#### DATA FOR REVIEW

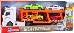 Grande camion rimorchio con quattro macchinine che offre ai bambini ore di divertimento creativo. Aspetto realistico, effetti luminosi e sonori, lunghezza 57 cm e materiale di alta qualità garantiscono resistenza e un gioco coinvolgente a casa e in viaggio.
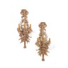 Paire d'appliques aux trophées de carquois et chutes de noeuds de rubans en bois doré et sculpté à trois lumières et branchages en m...
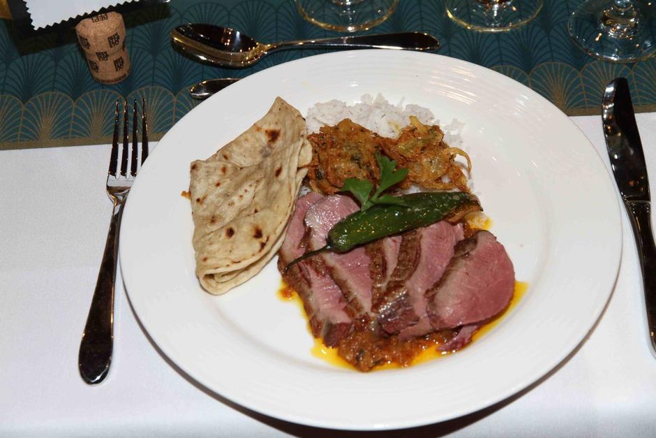 Pääruoka oli valmistettu Priimuksen keittiössä Helmut Rauniahon johdolla. Intialaisen menun toteutuksessa oli osallisena intialaisen opiskelijan lisäksi muitakin eri kansallisuuden oppilaita. Pääruoka oli lautastarjoiluna ja annoksessa oli:
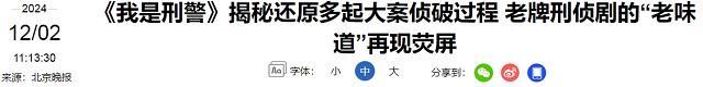 参考资料:光明网:2024-12-06:《我是刑警》:真案触真情的刑侦剧为何全民叫好北京晚报:2024-12-02:《我是刑警》揭秘还原多起大案侦破过程 老牌刑侦剧的“老味道”再现荧屏
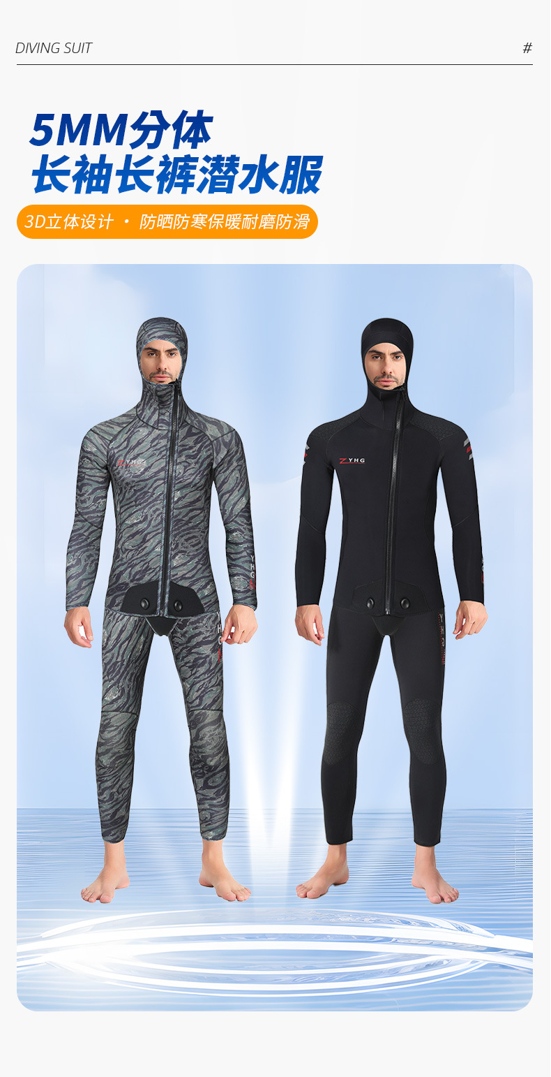 새로운 국경 5mm 다이빙 세트 남성용 두꺼운 한랭 따뜻한 다이빙 세트 긴팔 쪼개진 후드피쉬 사냥 세트스토어 가기
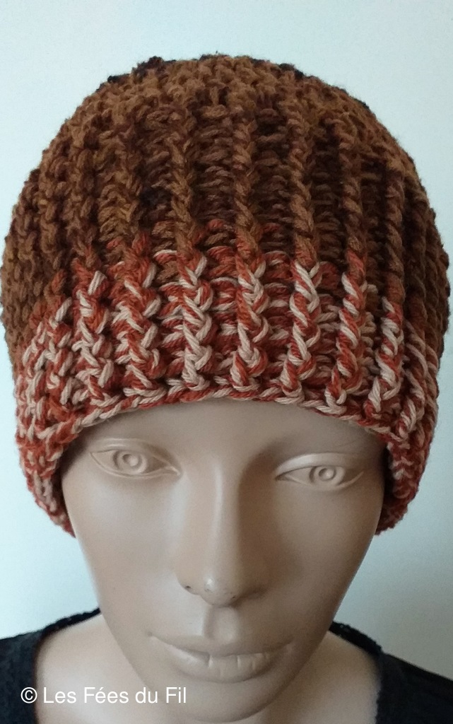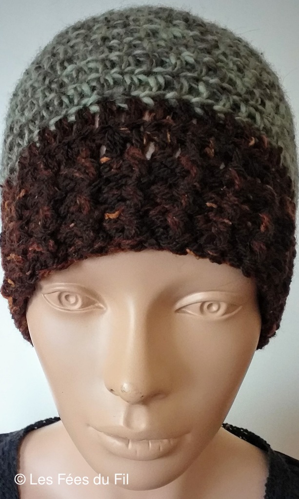 Bonnet réalisé au crochet tunisien par Frédéric L.
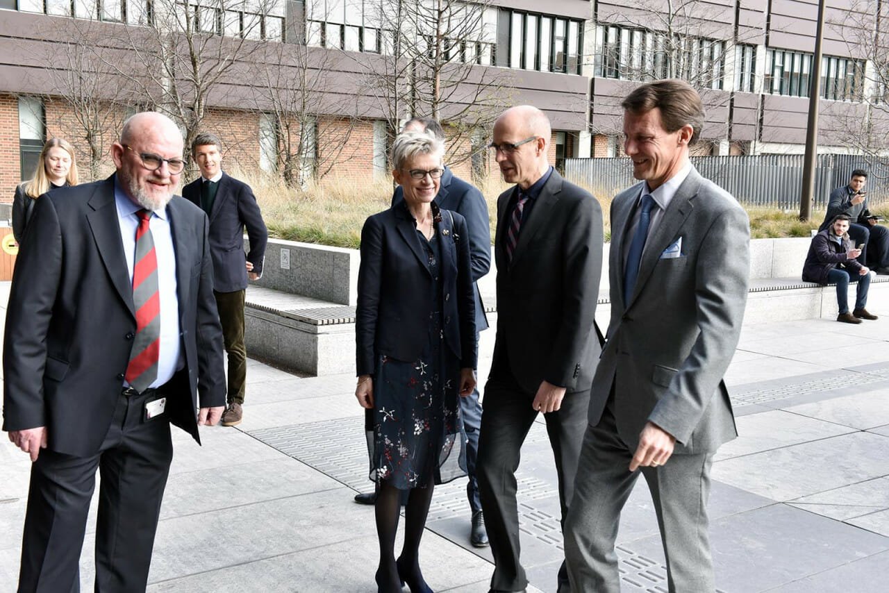De tre blev efterfølgende vist rundt i forskningscentrets nye laboratorier, hvor den ventende presse og flere af centrets forskere stod klar til at modtage dem.

########

ACTIVITY:
Print all of the data exactly, and do not carry over any pictures.

EXERCISE OUTPUT:
 Grande camion rimorchio con quattro macchinine che offre ai bambini ore di divertimento creativo. Aspetto realistico, effetti luminosi e sonori, lunghezza 57 cm e materiale di alta qualità garantiscono resistenza e un gioco coinvolgente a casa e in viaggio.
 Paire d'appliques aux trophées de carquois et chutes de noeuds de rubans en bois doré et sculpté à trois lumières et branchages en m...
 Pääruoka oli valmistettu Priimuksen keittiössä Helmut Rauniahon johdolla. Intialaisen menun toteutuksessa oli osallisena intialaisen opiskelijan lisäksi muitakin eri kansallisuuden oppilaita. Pääruoka oli lautastarjoiluna ja annoksessa oli:
 参考资料:光明网:2024-12-06:《我是刑警》:真案触真情的刑侦剧为何全民叫好北京晚报:2024-12-02:《我是刑警》揭秘还原多起大案侦破过程 老牌刑侦剧的“老味道”再现荧屏
 새로운 국경 5mm 다이빙 세트 남성용 두꺼운 한랭 따뜻한 다이빙 세트 긴팔 쪼개진 후드피쉬 사냥 세트스토어 가기
 Bonnet réalisé au crochet tunisien par Frédéric L.
De tre blev efterfølgende vist rundt i forskningscentrets nye laboratorier, hvor den ventende presse og flere af centrets forskere stod klar til at modtage dem.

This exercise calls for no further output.